Egypt is currently the world’s largest importer of wheat – much of which is used to make baladi bread to feed Egypt’s poor – using up a significant amount of the country’s foreign reserves as much of the wheat is bought on the international market in US dollars. Egypt currently produces around 55% of its own wheat consumption and many analysts believe that Egypt can raise wheat production to 70%.

“In the last two years production of wheat has increased because the government raised the price it pays to the producers and the farmer is superb at responding,” says Adel Beshai, Professor of Economics at the American University in Cairo. “We also produce a huge amount of corn in the summer and this year the output will be big so the production side is good. People who talk about self-sufficiency are ignoramuses – to produce 70% is more than OK.”

“Economically, you cannot ask for self-sufficiency in wheat,” concurs Karima Korayem. “If we could raise it to around 70% we could reach food security. And it shouldn’t be by increasing the area of wheat; I hope it will be by increasing the productivity of wheat by more research and more experience.”

Beshai says that the government has to be careful not to overtax farmers and that the “government needs to make sure that it announces prices for corn and wheat in good time and offer good prices…next, the whole marketing system of agriculture needs to be looked into because although you have massive number of producers, the wholesale buyers are few and are oligopolistic.”

If the smart-card system is able to reduce waste and activity on the black-market by tracking the sales of flour and bread, then the impact of any increase in wheat productivity could potentially be further enhanced.

Balancing Act: Bread as a Political Issue

Bread is a political issue in Egypt and any attempts to reform the allocation the stomach-filler of the poor is fraught with pitfalls, as previous rulers have discovered.
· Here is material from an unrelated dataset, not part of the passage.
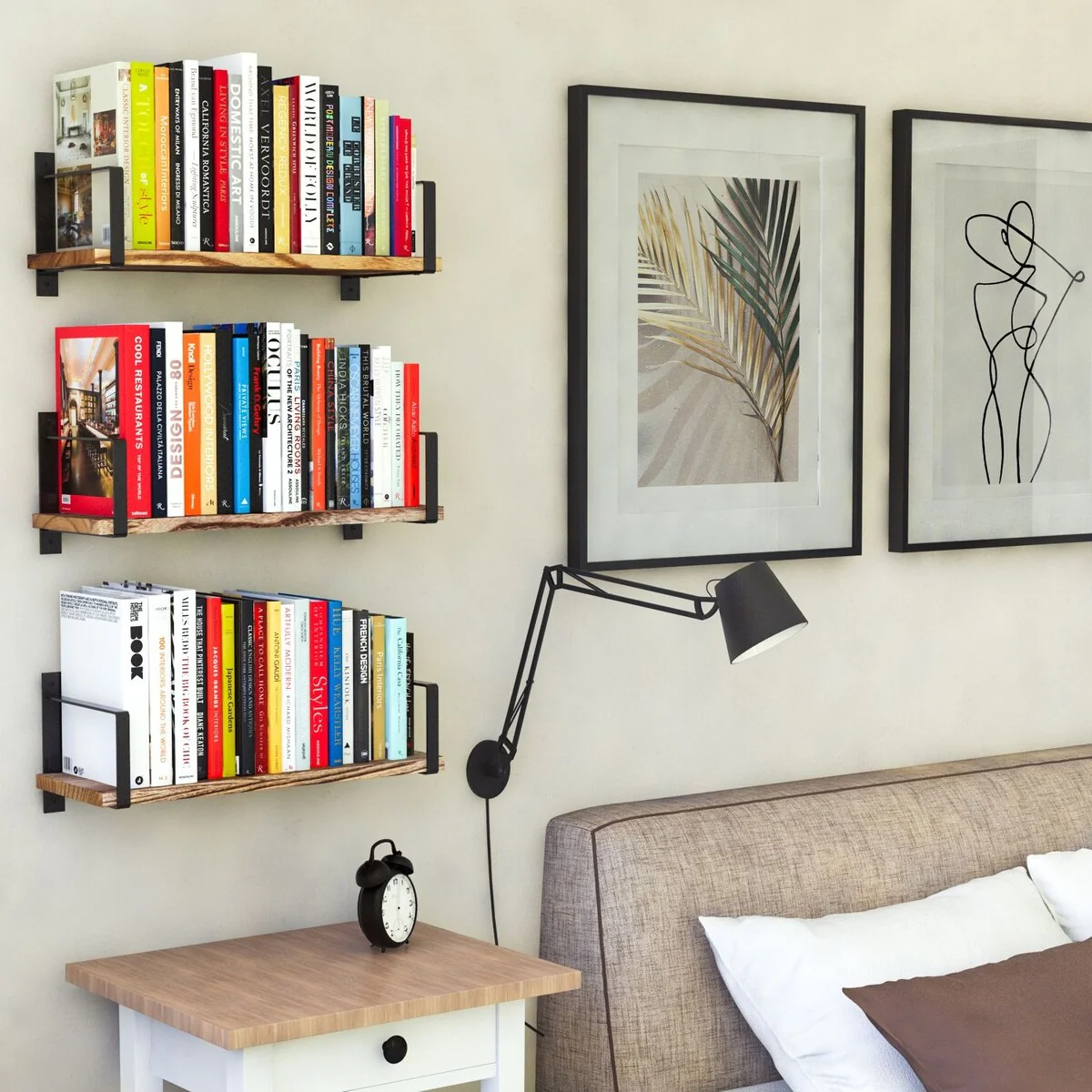 - Decorative Bedroom Shelves: Utilize these hanging shelves in your bedroom as an alternative to bedside table or standing bookcase.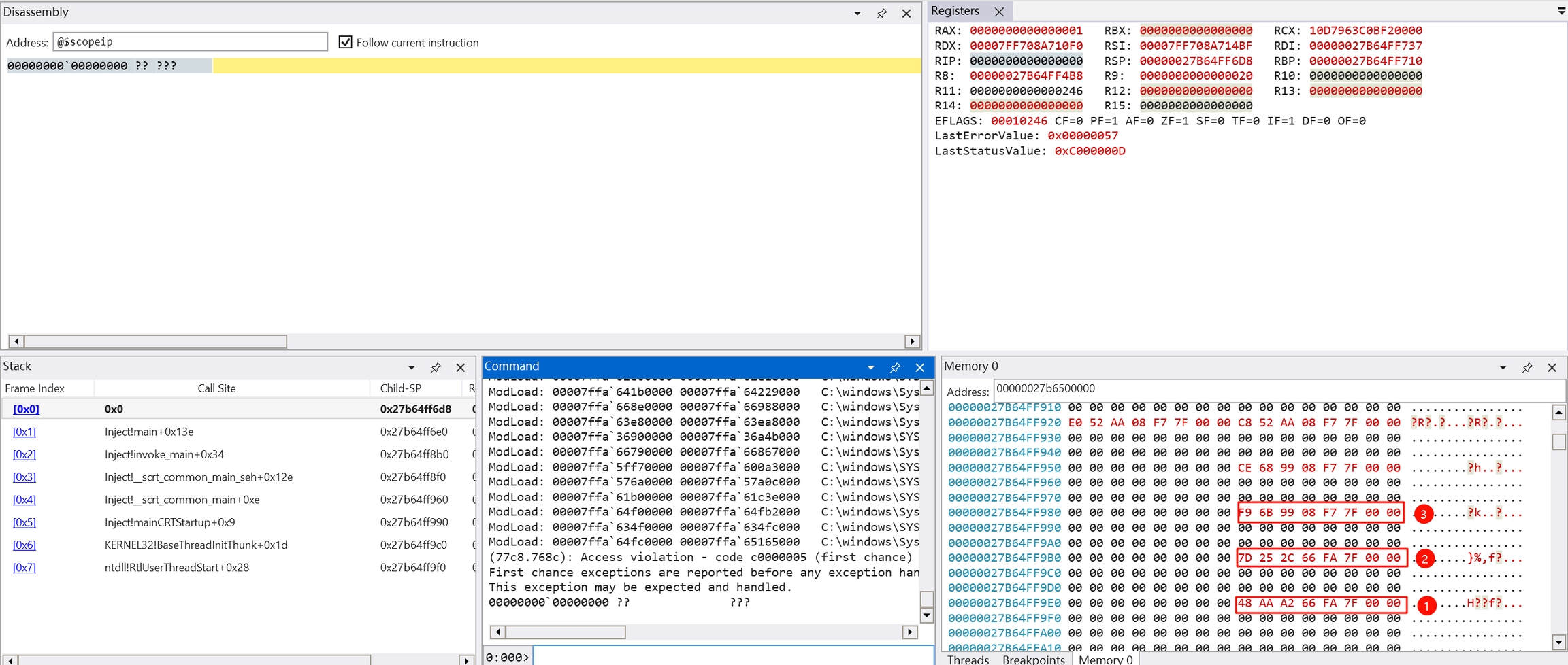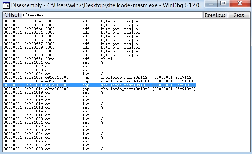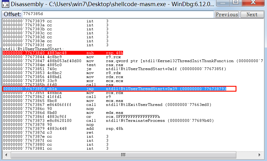 调用链为:ntdll!RtlUserThreadStart -> kernel32!BaseThreadInitThunk -> 用户自定义入口点,为了分析出错点,我们需要去看自己编写的汇编代码哪里出错了,所以接着就是来到用户自定义入口点处,一直按step into(F8)即可。

President Anwar Sadat faced major riots when he attempted to cut bread subsidies in 1977. Under Mubarak, the rising price of wheat created shortages in 2008 and provoked unrest. The widespread slogan used by protesters who ousted Mubarak in 2011 was ‘bread, freedom, and social justice’.
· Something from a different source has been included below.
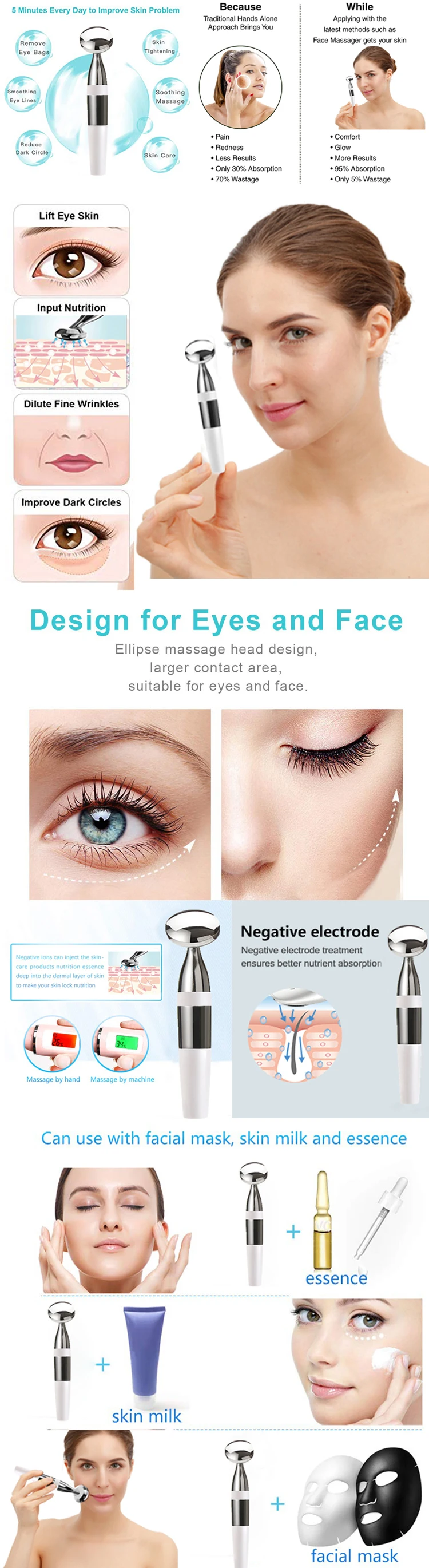 1.Made specifically for the delicate eye&lip&face area, this skincare device helps moisturize skin effectively.

Jim Krane, Wallace S. Wilson Fellow for Energy Studies at Rice University’s Baker Institute for Public Policy, says that there may be a link between bread riots and democratic concessions. “The idea being that democracy and patronage are substitutes, and when patronage spending is unavailable, regimes respond with democratic openings (otherwise they increase repression)…Bread riots tend to be viewed as ‘taxpayer revolts’ in the culture of the Middle East, since income taxes are generally nonexistent, and a decrease in government subsidy thus has the same effect on personal incomes.”

Egypt is experiencing a continuing economic crisis characterized by corruption, a widening budget deficit, sluggish growth, soaring prices, energy shortages, high unemployment and entrenched poverty. If the smart-card worsens the well-being of many poor Egyptians, unrest is likely to follow.

Recently-elected President Abdel Fattah El-Sisi will also have to balance the unpredictable impact of reforming bread allocation, alongside the impact of reducing costly energy subsidies. In discussing bread subsidies, many analysts have agreed that they need to be reduced but argue that it is energy subsidies that seriously undermine Egypt’s economy. “I am not worried about subsidizing the Egyptians when it comes to bread” says Beshai, “I am worried about the energy subsidy on which a lot must be done and can be done and it is long overdue.”

Energy subsidies will account for as much as $19 billion in the next fiscal year reported the Guardian. A surprise 78% rise in fuel prices earlier this month prompted protests by taxi and micro-bus drivers. A wider austerity program is also likely to increase the pressure on impoverished and struggling Egyptians. According to Mada Masr, with inflation at 9.1%, many ordinary Egyptians are struggling and the average Egyptian family now spends 40% of their income on food.

Given these pressures, the reform of bread subsidies carries substantial risks. It will require a deft touch from a bureaucratic system that is notorious for being heavy-handed.